▶ _Work instructions_: Type the entries out again exactly as they read, but leave every picture behind.
Start of Data for this exercise
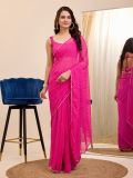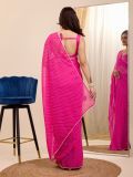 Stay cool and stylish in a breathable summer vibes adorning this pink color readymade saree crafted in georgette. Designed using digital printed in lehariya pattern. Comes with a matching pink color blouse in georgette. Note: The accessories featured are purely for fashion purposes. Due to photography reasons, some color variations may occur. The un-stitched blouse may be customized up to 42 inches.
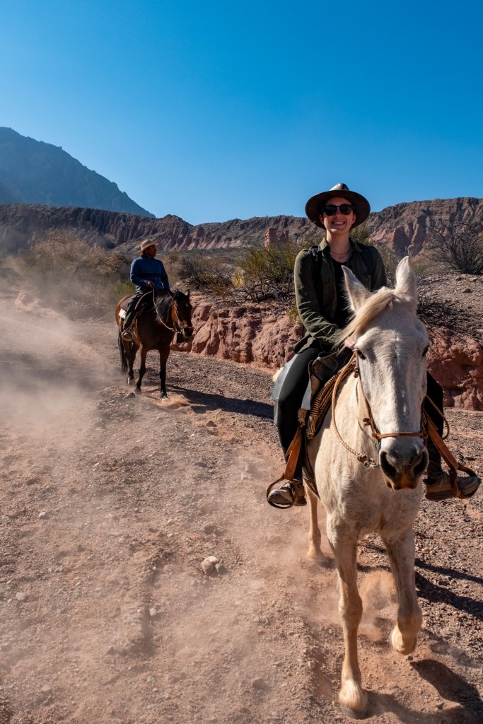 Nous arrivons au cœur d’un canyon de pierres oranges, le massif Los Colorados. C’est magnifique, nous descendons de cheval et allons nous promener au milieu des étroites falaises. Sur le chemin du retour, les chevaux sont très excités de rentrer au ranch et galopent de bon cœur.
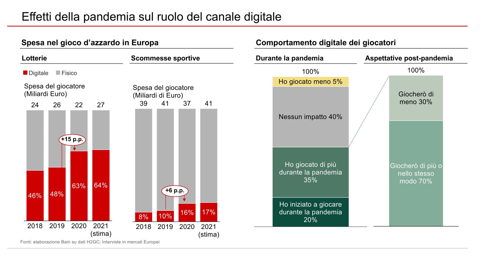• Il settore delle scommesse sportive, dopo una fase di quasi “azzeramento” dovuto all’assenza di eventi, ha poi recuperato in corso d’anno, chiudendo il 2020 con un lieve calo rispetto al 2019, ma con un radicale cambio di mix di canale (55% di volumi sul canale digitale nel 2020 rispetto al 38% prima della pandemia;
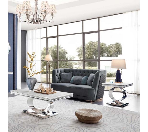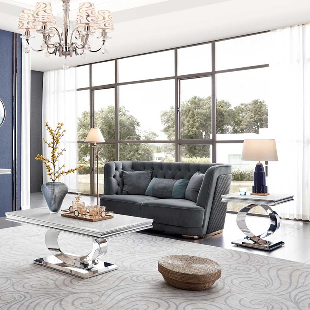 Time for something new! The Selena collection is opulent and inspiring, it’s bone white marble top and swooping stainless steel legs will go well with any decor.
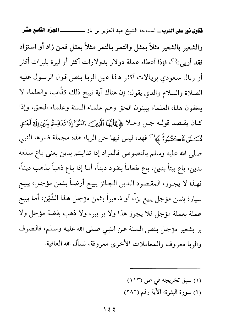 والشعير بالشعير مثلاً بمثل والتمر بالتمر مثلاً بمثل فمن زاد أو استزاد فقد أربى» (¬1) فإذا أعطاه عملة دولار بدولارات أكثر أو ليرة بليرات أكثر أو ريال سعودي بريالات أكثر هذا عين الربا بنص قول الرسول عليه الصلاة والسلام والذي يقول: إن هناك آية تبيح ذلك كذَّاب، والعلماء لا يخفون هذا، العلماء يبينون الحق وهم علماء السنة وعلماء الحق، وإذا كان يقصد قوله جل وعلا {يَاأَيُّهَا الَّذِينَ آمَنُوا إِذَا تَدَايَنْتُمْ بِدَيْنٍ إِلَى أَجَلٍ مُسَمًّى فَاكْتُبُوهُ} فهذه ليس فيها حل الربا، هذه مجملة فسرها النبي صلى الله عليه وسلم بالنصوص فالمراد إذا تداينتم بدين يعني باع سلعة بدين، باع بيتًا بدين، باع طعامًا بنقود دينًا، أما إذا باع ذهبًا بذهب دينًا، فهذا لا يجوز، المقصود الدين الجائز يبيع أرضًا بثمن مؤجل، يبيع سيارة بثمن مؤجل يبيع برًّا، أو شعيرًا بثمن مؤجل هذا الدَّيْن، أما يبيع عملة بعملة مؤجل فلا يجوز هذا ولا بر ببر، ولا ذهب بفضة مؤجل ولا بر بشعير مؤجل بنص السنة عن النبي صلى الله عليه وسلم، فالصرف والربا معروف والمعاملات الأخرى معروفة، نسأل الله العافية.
End of Data for this exercise
▶ _Answer box_:
 Stay cool and stylish in a breathable summer vibes adorning this pink color readymade saree crafted in georgette. Designed using digital printed in lehariya pattern. Comes with a matching pink color blouse in georgette. Note: The accessories featured are purely for fashion purposes. Due to photography reasons, some color variations may occur. The un-stitched blouse may be customized up to 42 inches.
 Nous arrivons au cœur d’un canyon de pierres oranges, le massif Los Colorados. C’est magnifique, nous descendons de cheval et allons nous promener au milieu des étroites falaises. Sur le chemin du retour, les chevaux sont très excités de rentrer au ranch et galopent de bon cœur.
• Il settore delle scommesse sportive, dopo una fase di quasi “azzeramento” dovuto all’assenza di eventi, ha poi recuperato in corso d’anno, chiudendo il 2020 con un lieve calo rispetto al 2019, ma con un radicale cambio di mix di canale (55% di volumi sul canale digitale nel 2020 rispetto al 38% prima della pandemia;
 Time for something new! The Selena collection is opulent and inspiring, it’s bone white marble top and swooping stainless steel legs will go well with any decor.
 والشعير بالشعير مثلاً بمثل والتمر بالتمر مثلاً بمثل فمن زاد أو استزاد فقد أربى» (¬1) فإذا أعطاه عملة دولار بدولارات أكثر أو ليرة بليرات أكثر أو ريال سعودي بريالات أكثر هذا عين الربا بنص قول الرسول عليه الصلاة والسلام والذي يقول: إن هناك آية تبيح ذلك كذَّاب، والعلماء لا يخفون هذا، العلماء يبينون الحق وهم علماء السنة وعلماء الحق، وإذا كان يقصد قوله جل وعلا {يَاأَيُّهَا الَّذِينَ آمَنُوا إِذَا تَدَايَنْتُمْ بِدَيْنٍ إِلَى أَجَلٍ مُسَمًّى فَاكْتُبُوهُ} فهذه ليس فيها حل الربا، هذه مجملة فسرها النبي صلى الله عليه وسلم بالنصوص فالمراد إذا تداينتم بدين يعني باع سلعة بدين، باع بيتًا بدين، باع طعامًا بنقود دينًا، أما إذا باع ذهبًا بذهب دينًا، فهذا لا يجوز، المقصود الدين الجائز يبيع أرضًا بثمن مؤجل، يبيع سيارة بثمن مؤجل يبيع برًّا، أو شعيرًا بثمن مؤجل هذا الدَّيْن، أما يبيع عملة بعملة مؤجل فلا يجوز هذا ولا بر ببر، ولا ذهب بفضة مؤجل ولا بر بشعير مؤجل بنص السنة عن النبي صلى الله عليه وسلم، فالصرف والربا معروف والمعاملات الأخرى معروفة، نسأل الله العافية.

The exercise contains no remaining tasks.